Les modalités et le contenu de cet engagement doivent être revus pour en faire un processus utile à la restauration de la confiance des marchés.

En ce qui concerne les modalités, il s’agit d’élargir le dialogue aux gérants de conviction sans renoncer bien sûr à celui qui s’organise avec les experts en gouvernance des grands fonds. Ces gérants investissent dans un nombre limité de sociétés et ils sont prêts à conserver leurs actions plusieurs années. Leur analyse est fondamentale et repose sur un dialogue avec les dirigeants. Ils représentent moins de 20% de la capitalisation boursière, mais lorsqu’ils décident d’investir, les montants engagés quotidiennement sont entre 7 à 30 fois plus importants que ceux des fonds opportunistes[2]. D’où l’intérêt d’en faire des cibles prioritaires.

Mais encore faut-il pouvoir leur dire des choses intéressantes !  Et c’est ici que le bât blesse. Les entreprises ont souvent une conception très mécanique ou institutionnelle de la gouvernance. Dans la logique du code de gouvernance de l’AFEP-Medef, celle-ci est trop souvent réduite aux structures alors que ce qui est essentiel c’est le processus décisionnel, l’animation du conseil et la philosophie qui l’inspire.

Le conseil d’administration est l’architecte de la gouvernance de la société.
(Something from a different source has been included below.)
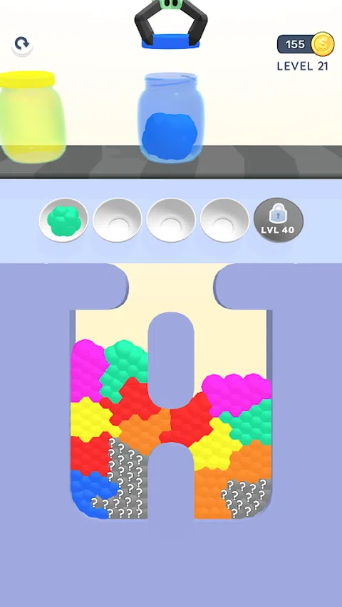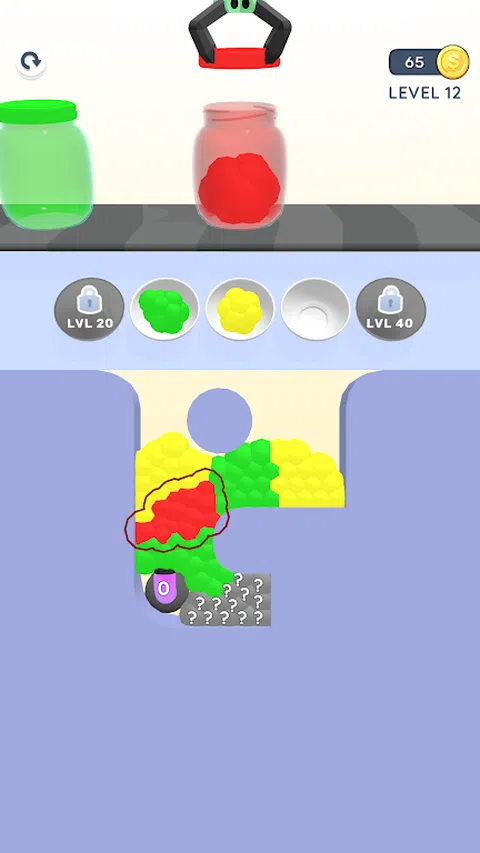 根据颜色对果冻进行分类,然后装满罐子

L’investisseur veut comprendre quelles sont les idées qui sous-tendent cette architecture. La sophistication de la «governance story » (partie intégrante de l’ «equity story »)  est un indicateur de la maturité managériale de la société. Sa présentation doit éviter le juridisme et revêtir un format opérationnel et stratégique.

A l’instar du séminaire stratégique que la plupart des conseils ont pris l’habitude d’organiser chaque année, un séminaire annuel de gouvernance mériterait d’être institué. Il serait l’occasion de réfléchir sur la façon dont le conseil travaille, idéalement sur la base d’une évaluation formelle qui irait au-delà du traditionnel questionnaire d’(auto)satisfaction. Il permettrait surtout de dessiner la gouvernance future de la société (composition du conseil, processus de décision pour éviter les biais cognitifs et exploiter l’intelligence collective, thèmes clés à traiter) compte tenu de ses enjeux stratégiques les plus critiques.
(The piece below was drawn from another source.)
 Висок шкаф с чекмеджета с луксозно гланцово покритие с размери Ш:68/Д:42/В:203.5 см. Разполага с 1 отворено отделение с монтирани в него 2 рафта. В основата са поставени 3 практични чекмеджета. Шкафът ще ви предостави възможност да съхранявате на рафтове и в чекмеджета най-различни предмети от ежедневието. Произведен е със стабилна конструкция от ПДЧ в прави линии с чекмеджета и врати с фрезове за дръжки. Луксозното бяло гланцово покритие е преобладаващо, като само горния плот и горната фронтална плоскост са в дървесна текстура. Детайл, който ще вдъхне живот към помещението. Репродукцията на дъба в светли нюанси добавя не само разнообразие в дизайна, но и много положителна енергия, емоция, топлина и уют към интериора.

Introduire la gouvernance dans le dialogue actionnarial permet ainsi de restaurer la confiance des investisseurs qui comptent le plus dans le cours de bourse. Les études montrent qu’une communication fondée sur le long terme, la stratégie et l’exécution stratégique attire les investisseurs fondamentaux et réduit l’importance des investisseurs opportunistes. Il en résulte un meilleur alignement entre la valeur de marché et les performances de l’entreprise, une réduction de la volatilité du cours en cas de nouvelles non anticipées par les investisseurs et une résilience plus forte de la valeur dans les crises économiques.

Certaines entreprises hésitent encore à parler de gouvernance à leurs investisseurs en dehors de la période des assemblées. Le fait de n’avoir rien à dire pourrait demain être un signe pour les investisseurs qu’il y a beaucoup à redire…

 

[1] Statistiques actualisées d’une étude de KPMG. Cf Les Echos du 16 octobre 2012 « Décrochage boursier : un écueil inévitable pour les sociétés cotées» https://bit.ly/2GVR4d5.

[2] Voir le chapitre 6 de Value, The four cornerstones of corporate finance, McKinsey, 2011.

 

Cet article a été publié sur Vox-Fi le 25 mars 2019.